Anyway, after dropping Fozz at the port I went out with a few newly made friends to have dinner and a few drinks. I walked home from our neighborhood bar and while on the phone (with my mom of all people) I tripped on literally the LAST step walking up to my front door. In my defense it's pitch black out there and I under-guessed how many brick steps led up to my new stoop... I'm totally mortified that this happen, but I'll be okay....and we'll get a light ASAP! My roommate and her boyfriend were inside our house at the time of my accident and heard the crash. After coming out to find me on the ground covered in blood with, as they describe, my head scalped and peeling away from my face they quickly rushed me to the emergency room. I insisted on having a plastic surgeon as this is my face so after waiting through the night I was able to get sewed up around 8:00am.

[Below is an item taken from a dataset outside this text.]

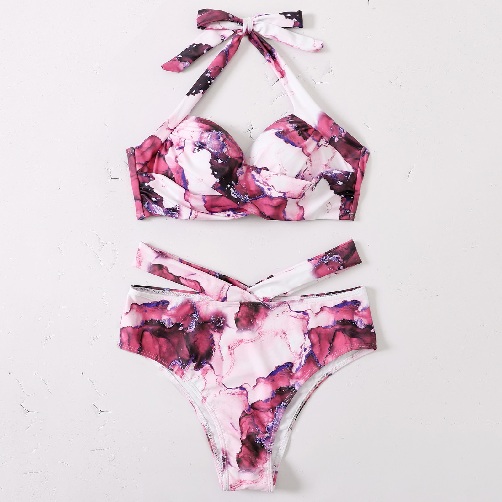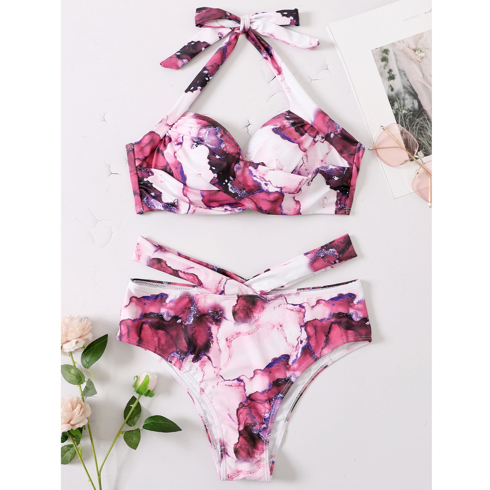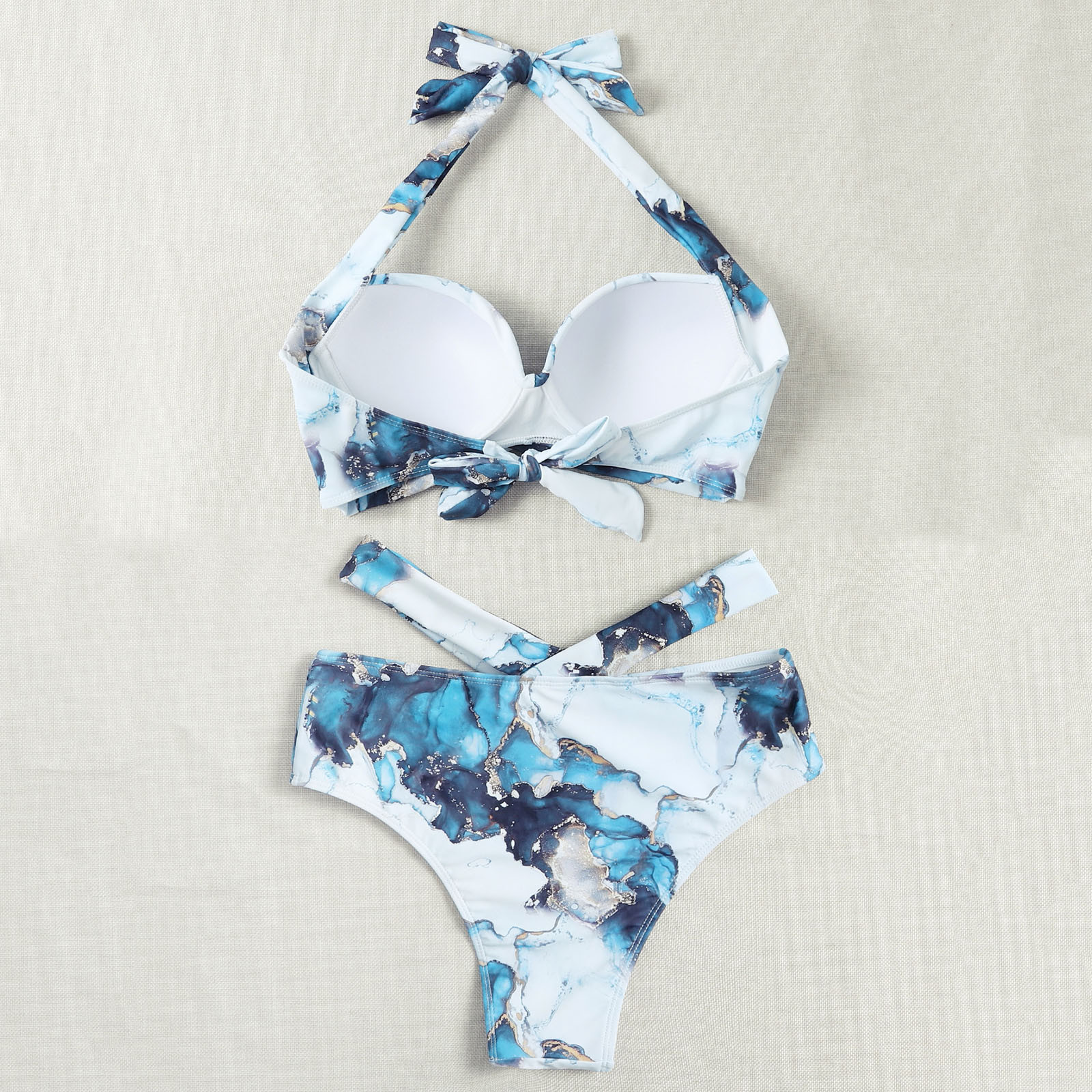 Верх: Широкие бретельки и без съемной подкладки, бюстгальтер пуш-ап, Классическая простота спереди, сексуальный v-образный вырез, регулируемые лямки, Встроенная Подкладка, женские комплекты бикини с завязками на спине и пуловером.

Luckily I've gotten fairly used to not being as pretty as I once was. Overall losing my hair, body image, body type, etc are the things that have toughened my skin enough to allow me to now walk about with two black eyes for the next few weeks.

It's embarrassing that it took me busting my head open to realize my new tolerance level, or should I say, lack there of, but i'm trying to stay positive and believe that everything happens for a reason and in a lot of ways I'm lucky. For instance, I'm currently in a position in life where I am able to stay home all day and bubble wrap myself. :)

I decided to post a few pics here, but if I get any negative feedback I'll take them down ASAP. My intentions aren't to have anyone loose their stomach over this, just simply see my "process" and how "tough" I am.